Physicians (and most others in health care) learn early that you need to remain somewhat emotionally detached from patients’ struggles if you want to render the best care. Clinical clear-sightedness is crucial.
So maybe it was a case that Stephen Hauser, MD, was still too newly-minted when he treated a young woman 40 years ago who was dying from primary progressive multiple sclerosis. She was one of his first patients, as STAT reports. The majority of MS sufferers do not become severely disabled or paralyzed, but that’s not the case for those with primary progressive MS, which causes a sudden and deadly decline. As STAT reports, “She got married in a wheelchair in her hospital room, tethered to breathing and feeding tubes and dressed in her wedding gown.”
Hauser recalls, “We had nothing to treat her with.” His career path had been decided.

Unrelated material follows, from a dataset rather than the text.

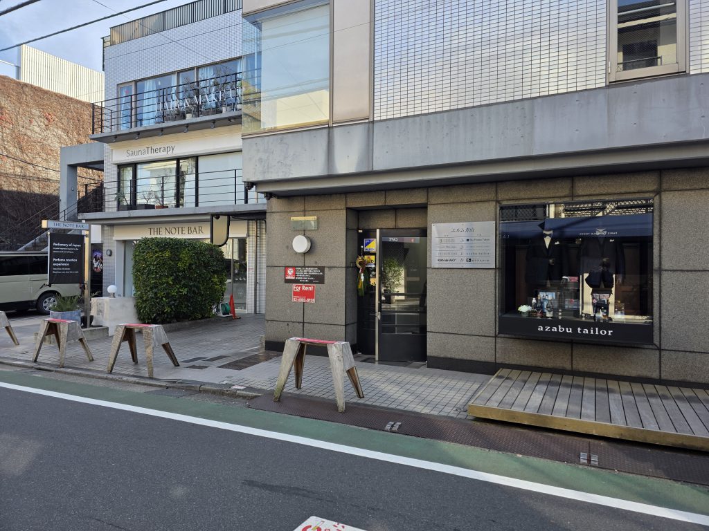 路地の突きあたりにSky Pilates Tokyoがあります。青いロゴの看板が目印です。

He would search for a cure for primary progressive MS, and he eventually became director of the Weill Institute for Neurosciences at the University of California, San Francisco.
Hauser made headlines worldwide yesterday with the announcement that the FDA approved Genetech’s Ocrevus (ocrelizumab), a drug created thanks to Hauser’s research. Ocrevus is being hailed as a huge breakthrough and an incredible beacon of hope for the approximately 400,000 people in the United States who suffer from the disease. It afflicts about 15% of 2.3 million MS patients worldwide.
Of course, this all comes at a price that insurers will need to deal with. Genetech is an affiliate of Roche Holding AG, and Roche set the annual price for Ocrevus at $65,000 for twice-a-year infusions.